We can checkout the code from the git repository as follows:

$ git checkout tags/blog-scrapy-part2
Note: checking out 'tags/blog-scrapy-part2'.

Or we can use GitZip to download the tagged commit by URL.


Setting up MongoDB on mLab

Up until now we have been using a local instance of MongoDB to store our scraped data. Since we will be running our scraper on the cloud, we will also need to create an online instance of our database where we can store data.

Head over to mLab to create an account and set up a collection in our sandbox database to store the data.

Let's initialize our MongoDB collection with documents from our local collection. From the MongoDB docs:

$ mongoexport --db sivji-sandbox --collection top_reddit_posts --out 20170322-reddit-posts.json
2017-03-22T23:18:39.404-0500    connected to: localhost
2017-03-22T23:18:39.429-0500    exported 751 records

$ mongoimport -h <mlab-url>:port -d sivji-sandbox -c top_reddit_posts -u <dbuser> -p <dbpass> --file 20170322-reddit-posts.json
2017-03-22T23:21:14.075-0500    connected to: <mlab-url>:port
2017-03-22T23:21:15.504-0500    imported 751 documents

We can use MongoDB Compass to view our mLab instance and create indexes for our collection. I covered how to do this in a previous post.

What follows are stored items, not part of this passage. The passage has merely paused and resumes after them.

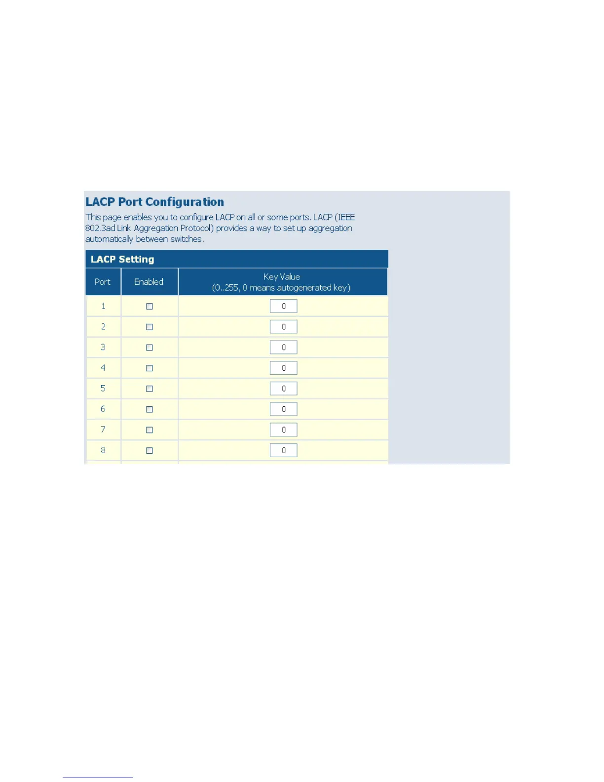 Web – Click TRUNKS, LACP Setup. Enable LACP on each port to be
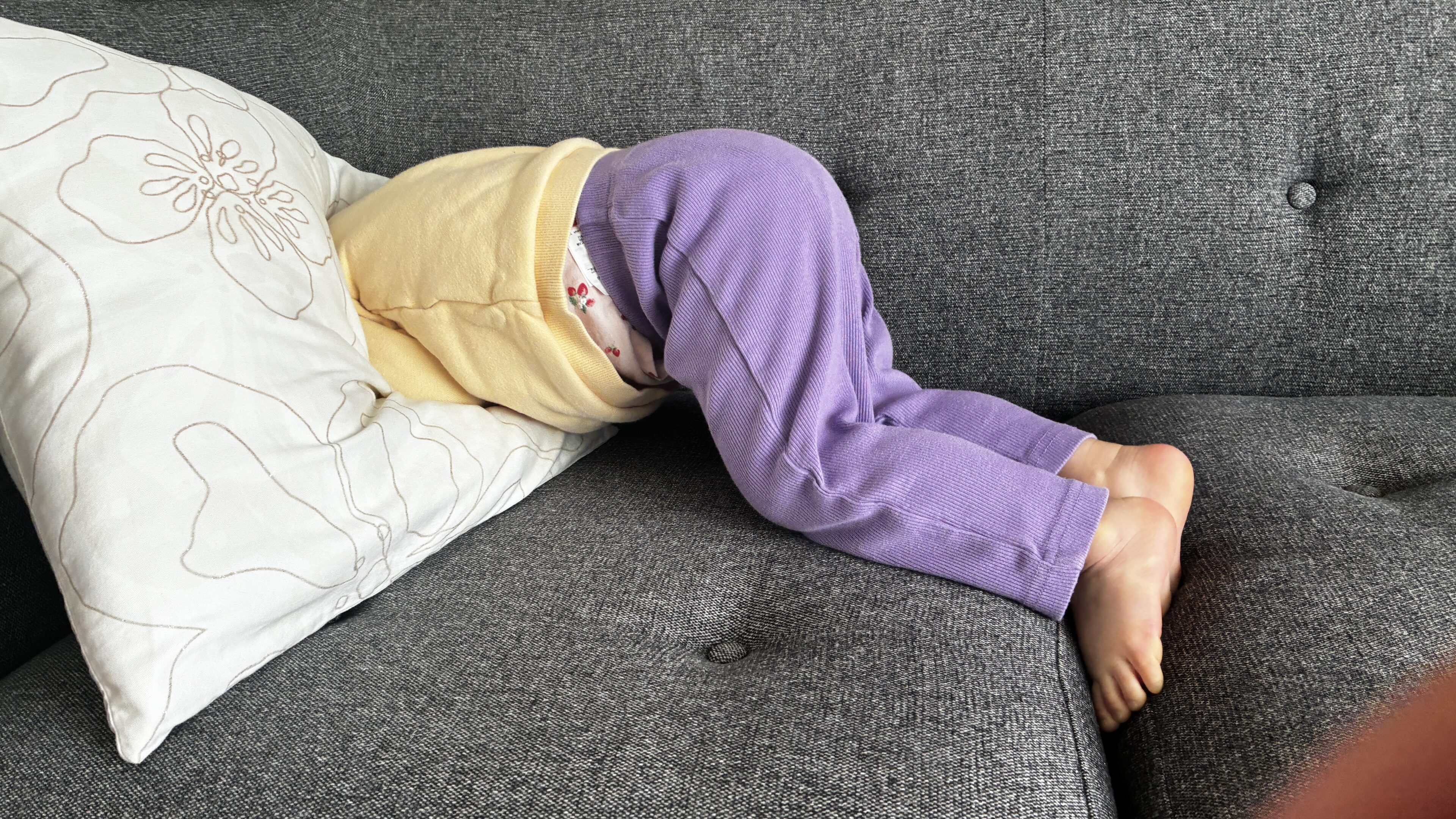 物理的にワサビを指に塗りました。多めに塗ったのでぜひ食べてほしかったのですが、塗った時点で既に拒否反応。そのまま服や髪に付けてしまい妻はカンカン。主に僕に。結局この方法は渋々諦めることにしました。ちなみに娘は、塗ったときの体験が割と嫌だったのか、その後「ワサビ塗るよ」と言うと逃げるそぶりを見せます。一定の効果はあった模様です。しかし逃げてソファに頭を隠すだけで、チュッチュはやめないのでした。
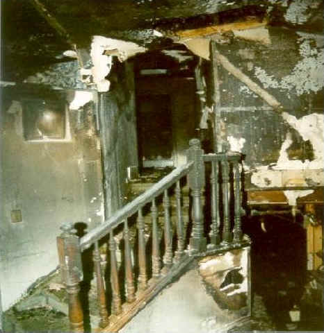 The fire didn't get out of hand. It was on the balsa wood roof beams. After I blew out the flame, the wood continued to burn internally. I ought to have put the fire out with water to prevent what happened. alas!

Running Scrapy From a Script

Currently we run our spider using the scrapy crawl command via Scrapy's CLI. Looking through the Scrapy documentation, we see that we can utilize Scrapy's API and run our scraper as a script.

In our Scrapy directory, let's add the following file:

# app.py (v1)

"""Script to crawl Top Posts across sub reddits and store results in MongoDB
"""

from scrapy.crawler import CrawlerProcess
from reddit.spiders import PostSpider

if __name__ == '__main__':
    process = CrawlerProcess(get_project_settings())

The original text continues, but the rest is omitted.